[Culture_aglist] IPR in Iraq

Glenn Stone stone at wustl.edu
Mon Nov 22 15:38:36 CST 2004


Tatiana is right, but you have to understand the context of these struggles over IPRs (intellectual property rights).  The disputes over crop IPRs in the past, like over the Plant Patent Act (1930) and the Plant Var. protection Act (1972), and even what some people called the "Seed Wars" of the 1970s,  were relatively lowkey "below the fold" issues.  There was a sea change change in 1995, with GMOs hitting the market and the GATT morphing into the WTO -- one of the main functions of which is the establishment of strong IPRs in developing countries.  This raised the stakes enormously, and the quality/quantity of  rhetoric changed, becoming more strident and misleading.  The specter of corporations stealing seed control from farmers has been one of the biggest guns in the rhetoric wars and yes, it sometimes gets fired a bit indiscriminantly.

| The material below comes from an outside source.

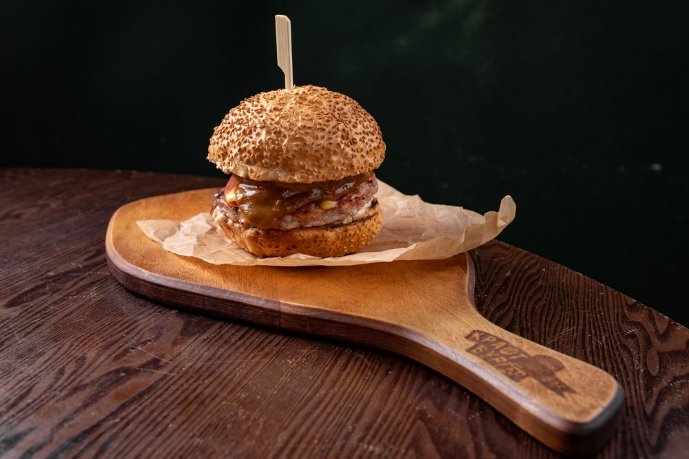 Бургер "Американский" представляет собой гастрономическое произведение искусства, идеально сочетающее в себе традиционные американские вкусы. Основой блюда служит свежая булочка с кунжутом, которая придаёт особую текстуру и аромат. Внутри находится стограммовая котлета из мраморной говядины, обладающая нежным вкусом и сочностью. Добавленные компоненты, такие как соус по американски, солёные огурцы, хрустящий бекон, плавленый сыр чеддер и маринованный лук, создают гармоничное сочетание, которое удовлетворит даже самых взыскательных гурманов. Этот бургер станет отличным выбором для тех, кто хочет насладиться классическим вкусом классического фастфуда в каждой детали.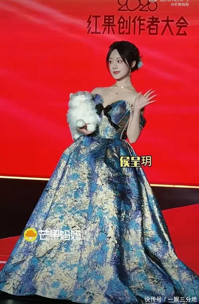 侯呈玥身着一件流光溢彩的抹胸礼服搭配盘发,怀抱一只真实白色猫咪亮相红毯,优雅又灵动。

This set of amendments to Iraq's patent law doesn't ban replanting per se --  no laws do -- but it does establish a totally inflexible ban on replanting any seeds registered for plant variety protection.  This is remarkable.  Even the US law allows exemptions; farmers are allowed to replant and even sell "brown-bagged" seed as long as it isn't on a commercial scale.  (That's why seed companies have to use contract law to keep farmers from replanting GM seeds; when you buy Roundup-ready soybeans you have to sign a use agreement not to replant.)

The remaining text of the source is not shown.